BEGIN Input material
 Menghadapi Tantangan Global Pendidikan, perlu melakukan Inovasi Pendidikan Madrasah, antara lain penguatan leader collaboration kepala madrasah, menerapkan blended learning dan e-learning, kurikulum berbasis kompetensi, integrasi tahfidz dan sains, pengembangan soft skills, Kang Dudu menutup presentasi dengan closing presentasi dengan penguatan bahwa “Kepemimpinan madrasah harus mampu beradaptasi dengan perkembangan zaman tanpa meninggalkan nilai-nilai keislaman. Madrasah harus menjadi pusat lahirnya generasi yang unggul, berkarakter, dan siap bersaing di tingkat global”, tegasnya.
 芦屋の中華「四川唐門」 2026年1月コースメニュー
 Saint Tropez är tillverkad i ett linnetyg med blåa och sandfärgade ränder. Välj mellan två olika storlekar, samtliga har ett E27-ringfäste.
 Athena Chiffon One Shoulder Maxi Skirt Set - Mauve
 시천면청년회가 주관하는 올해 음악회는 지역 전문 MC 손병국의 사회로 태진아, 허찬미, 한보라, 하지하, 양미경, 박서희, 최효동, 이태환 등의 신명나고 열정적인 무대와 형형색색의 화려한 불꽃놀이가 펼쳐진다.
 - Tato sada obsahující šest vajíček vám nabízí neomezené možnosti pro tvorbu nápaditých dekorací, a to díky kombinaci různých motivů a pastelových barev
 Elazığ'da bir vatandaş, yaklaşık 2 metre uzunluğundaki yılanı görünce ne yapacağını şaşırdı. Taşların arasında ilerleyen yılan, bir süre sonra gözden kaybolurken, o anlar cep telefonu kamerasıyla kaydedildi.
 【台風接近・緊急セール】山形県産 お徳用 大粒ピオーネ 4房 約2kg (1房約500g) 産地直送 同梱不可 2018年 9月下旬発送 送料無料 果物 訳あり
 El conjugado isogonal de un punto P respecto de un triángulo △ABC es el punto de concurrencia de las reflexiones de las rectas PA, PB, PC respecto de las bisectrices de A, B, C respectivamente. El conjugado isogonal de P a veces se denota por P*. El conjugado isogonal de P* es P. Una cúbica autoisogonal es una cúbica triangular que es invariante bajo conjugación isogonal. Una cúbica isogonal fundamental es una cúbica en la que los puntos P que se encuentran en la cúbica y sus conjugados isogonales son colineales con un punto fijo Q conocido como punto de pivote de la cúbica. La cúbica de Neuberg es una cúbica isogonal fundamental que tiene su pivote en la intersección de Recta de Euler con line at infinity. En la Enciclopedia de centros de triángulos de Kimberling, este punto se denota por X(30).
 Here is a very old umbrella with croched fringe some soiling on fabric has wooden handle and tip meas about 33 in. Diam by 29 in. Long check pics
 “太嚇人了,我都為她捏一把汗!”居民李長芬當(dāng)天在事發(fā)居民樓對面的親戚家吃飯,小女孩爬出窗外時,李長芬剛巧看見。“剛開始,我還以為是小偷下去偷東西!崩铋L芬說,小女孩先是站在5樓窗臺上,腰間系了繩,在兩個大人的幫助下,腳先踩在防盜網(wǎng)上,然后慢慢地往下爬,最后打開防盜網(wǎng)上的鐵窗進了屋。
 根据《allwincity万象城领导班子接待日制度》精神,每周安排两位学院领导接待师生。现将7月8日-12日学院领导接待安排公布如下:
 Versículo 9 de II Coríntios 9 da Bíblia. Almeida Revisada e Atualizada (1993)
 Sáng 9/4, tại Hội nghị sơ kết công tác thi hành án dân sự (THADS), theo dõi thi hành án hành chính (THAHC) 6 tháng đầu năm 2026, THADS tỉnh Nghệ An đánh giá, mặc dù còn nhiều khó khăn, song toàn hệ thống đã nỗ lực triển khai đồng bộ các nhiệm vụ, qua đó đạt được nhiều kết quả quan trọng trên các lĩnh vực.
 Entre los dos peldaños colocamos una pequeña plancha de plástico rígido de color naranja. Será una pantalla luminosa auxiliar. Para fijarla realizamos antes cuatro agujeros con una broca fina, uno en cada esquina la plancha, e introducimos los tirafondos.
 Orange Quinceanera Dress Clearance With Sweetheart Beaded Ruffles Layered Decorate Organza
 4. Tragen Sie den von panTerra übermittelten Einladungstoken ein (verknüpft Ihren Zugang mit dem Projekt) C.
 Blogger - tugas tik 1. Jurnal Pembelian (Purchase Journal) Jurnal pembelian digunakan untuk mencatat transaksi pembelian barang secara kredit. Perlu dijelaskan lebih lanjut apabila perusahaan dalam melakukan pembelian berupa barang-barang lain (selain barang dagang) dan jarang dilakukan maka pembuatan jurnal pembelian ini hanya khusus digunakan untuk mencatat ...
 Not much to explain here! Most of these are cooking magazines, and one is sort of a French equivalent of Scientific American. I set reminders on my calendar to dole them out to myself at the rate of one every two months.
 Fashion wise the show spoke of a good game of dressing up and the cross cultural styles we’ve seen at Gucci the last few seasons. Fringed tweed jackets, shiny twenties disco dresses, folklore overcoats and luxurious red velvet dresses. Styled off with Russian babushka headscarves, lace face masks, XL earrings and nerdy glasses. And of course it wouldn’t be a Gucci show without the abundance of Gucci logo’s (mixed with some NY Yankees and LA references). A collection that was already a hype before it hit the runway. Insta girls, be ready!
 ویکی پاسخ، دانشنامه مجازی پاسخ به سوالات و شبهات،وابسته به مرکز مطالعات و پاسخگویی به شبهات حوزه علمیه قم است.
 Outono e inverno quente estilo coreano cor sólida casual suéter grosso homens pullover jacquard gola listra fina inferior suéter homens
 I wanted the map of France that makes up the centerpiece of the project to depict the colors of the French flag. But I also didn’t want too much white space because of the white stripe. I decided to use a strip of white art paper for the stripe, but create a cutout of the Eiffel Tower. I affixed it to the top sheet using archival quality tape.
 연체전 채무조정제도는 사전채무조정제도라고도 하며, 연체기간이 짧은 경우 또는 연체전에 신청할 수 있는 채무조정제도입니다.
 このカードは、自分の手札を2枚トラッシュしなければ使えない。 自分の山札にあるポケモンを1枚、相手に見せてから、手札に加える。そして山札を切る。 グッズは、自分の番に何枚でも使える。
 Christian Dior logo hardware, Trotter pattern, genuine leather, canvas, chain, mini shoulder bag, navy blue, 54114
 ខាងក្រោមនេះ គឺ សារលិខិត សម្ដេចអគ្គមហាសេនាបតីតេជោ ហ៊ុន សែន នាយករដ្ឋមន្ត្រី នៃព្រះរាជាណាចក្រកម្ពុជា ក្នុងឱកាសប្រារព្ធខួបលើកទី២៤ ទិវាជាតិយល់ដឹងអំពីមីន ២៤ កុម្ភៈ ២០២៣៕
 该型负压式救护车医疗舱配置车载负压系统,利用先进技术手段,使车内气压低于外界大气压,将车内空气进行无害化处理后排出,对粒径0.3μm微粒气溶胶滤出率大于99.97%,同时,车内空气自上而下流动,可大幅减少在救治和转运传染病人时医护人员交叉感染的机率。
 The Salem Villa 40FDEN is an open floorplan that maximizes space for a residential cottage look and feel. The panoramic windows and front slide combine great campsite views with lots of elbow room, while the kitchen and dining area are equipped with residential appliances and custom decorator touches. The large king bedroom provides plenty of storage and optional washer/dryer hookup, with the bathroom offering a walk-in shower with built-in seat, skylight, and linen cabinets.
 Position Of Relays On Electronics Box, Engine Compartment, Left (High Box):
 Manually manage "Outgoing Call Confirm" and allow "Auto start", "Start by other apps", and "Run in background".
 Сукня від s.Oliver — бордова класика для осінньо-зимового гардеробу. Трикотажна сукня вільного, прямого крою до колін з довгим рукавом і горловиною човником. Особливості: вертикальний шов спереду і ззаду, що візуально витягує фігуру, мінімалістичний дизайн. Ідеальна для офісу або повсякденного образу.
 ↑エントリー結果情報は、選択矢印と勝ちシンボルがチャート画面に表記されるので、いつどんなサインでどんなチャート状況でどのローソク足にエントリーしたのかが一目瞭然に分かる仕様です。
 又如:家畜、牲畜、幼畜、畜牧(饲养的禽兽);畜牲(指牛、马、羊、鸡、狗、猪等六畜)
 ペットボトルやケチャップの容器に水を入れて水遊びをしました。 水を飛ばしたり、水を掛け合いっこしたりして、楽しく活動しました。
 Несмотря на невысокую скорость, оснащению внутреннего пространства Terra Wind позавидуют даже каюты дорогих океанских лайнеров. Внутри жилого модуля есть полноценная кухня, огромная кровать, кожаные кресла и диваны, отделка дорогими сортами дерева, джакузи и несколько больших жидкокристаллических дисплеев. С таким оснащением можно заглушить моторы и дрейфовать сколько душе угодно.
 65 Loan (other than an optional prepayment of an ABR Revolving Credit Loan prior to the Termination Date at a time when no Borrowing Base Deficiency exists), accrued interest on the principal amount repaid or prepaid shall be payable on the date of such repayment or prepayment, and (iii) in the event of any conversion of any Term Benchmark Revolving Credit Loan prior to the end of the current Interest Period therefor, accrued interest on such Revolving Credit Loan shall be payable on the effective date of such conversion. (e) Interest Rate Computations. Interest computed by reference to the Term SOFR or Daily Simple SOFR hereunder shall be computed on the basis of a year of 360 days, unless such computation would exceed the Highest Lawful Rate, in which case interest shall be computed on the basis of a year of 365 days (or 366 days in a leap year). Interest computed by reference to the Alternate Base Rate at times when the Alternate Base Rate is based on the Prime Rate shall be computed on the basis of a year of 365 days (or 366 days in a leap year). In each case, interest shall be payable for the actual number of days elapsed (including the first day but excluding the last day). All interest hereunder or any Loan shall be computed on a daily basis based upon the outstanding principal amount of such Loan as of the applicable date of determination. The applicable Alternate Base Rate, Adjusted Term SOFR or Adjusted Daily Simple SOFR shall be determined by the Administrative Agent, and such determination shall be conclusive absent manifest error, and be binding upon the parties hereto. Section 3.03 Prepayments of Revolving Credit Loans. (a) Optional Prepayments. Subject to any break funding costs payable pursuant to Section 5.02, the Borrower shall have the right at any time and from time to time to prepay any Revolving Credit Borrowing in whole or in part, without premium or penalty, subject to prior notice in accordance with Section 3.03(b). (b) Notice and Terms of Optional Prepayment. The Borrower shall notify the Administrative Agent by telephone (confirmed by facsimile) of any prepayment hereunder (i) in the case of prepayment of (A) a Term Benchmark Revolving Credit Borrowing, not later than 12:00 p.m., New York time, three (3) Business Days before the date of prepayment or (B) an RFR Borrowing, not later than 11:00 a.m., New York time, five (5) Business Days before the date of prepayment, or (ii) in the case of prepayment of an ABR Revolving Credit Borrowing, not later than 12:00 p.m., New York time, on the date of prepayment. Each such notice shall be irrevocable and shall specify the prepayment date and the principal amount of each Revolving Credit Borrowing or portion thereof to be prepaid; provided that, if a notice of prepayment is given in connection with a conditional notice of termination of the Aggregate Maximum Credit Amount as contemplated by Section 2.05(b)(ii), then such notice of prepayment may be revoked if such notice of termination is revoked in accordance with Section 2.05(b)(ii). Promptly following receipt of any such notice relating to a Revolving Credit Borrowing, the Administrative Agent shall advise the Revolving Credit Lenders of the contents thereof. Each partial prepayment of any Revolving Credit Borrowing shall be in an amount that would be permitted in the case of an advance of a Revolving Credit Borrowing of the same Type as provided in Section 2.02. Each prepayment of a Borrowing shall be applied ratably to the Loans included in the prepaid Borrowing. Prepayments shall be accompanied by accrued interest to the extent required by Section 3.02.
END Input material
Task to carry out:
From the data above, return every line from the line that has "该型负压式救护车医疗舱配置车" up to and including the line that has "Несмотря на невысокую", exactly.

Result of this task:
 该型负压式救护车医疗舱配置车载负压系统,利用先进技术手段,使车内气压低于外界大气压,将车内空气进行无害化处理后排出,对粒径0.3μm微粒气溶胶滤出率大于99.97%,同时,车内空气自上而下流动,可大幅减少在救治和转运传染病人时医护人员交叉感染的机率。
 The Salem Villa 40FDEN is an open floorplan that maximizes space for a residential cottage look and feel. The panoramic windows and front slide combine great campsite views with lots of elbow room, while the kitchen and dining area are equipped with residential appliances and custom decorator touches. The large king bedroom provides plenty of storage and optional washer/dryer hookup, with the bathroom offering a walk-in shower with built-in seat, skylight, and linen cabinets.
 Position Of Relays On Electronics Box, Engine Compartment, Left (High Box):
 Manually manage "Outgoing Call Confirm" and allow "Auto start", "Start by other apps", and "Run in background".
 Сукня від s.Oliver — бордова класика для осінньо-зимового гардеробу. Трикотажна сукня вільного, прямого крою до колін з довгим рукавом і горловиною човником. Особливості: вертикальний шов спереду і ззаду, що візуально витягує фігуру, мінімалістичний дизайн. Ідеальна для офісу або повсякденного образу.
 ↑エントリー結果情報は、選択矢印と勝ちシンボルがチャート画面に表記されるので、いつどんなサインでどんなチャート状況でどのローソク足にエントリーしたのかが一目瞭然に分かる仕様です。
 又如:家畜、牲畜、幼畜、畜牧(饲养的禽兽);畜牲(指牛、马、羊、鸡、狗、猪等六畜)
 ペットボトルやケチャップの容器に水を入れて水遊びをしました。 水を飛ばしたり、水を掛け合いっこしたりして、楽しく活動しました。
 Несмотря на невысокую скорость, оснащению внутреннего пространства Terra Wind позавидуют даже каюты дорогих океанских лайнеров. Внутри жилого модуля есть полноценная кухня, огромная кровать, кожаные кресла и диваны, отделка дорогими сортами дерева, джакузи и несколько больших жидкокристаллических дисплеев. С таким оснащением можно заглушить моторы и дрейфовать сколько душе угодно.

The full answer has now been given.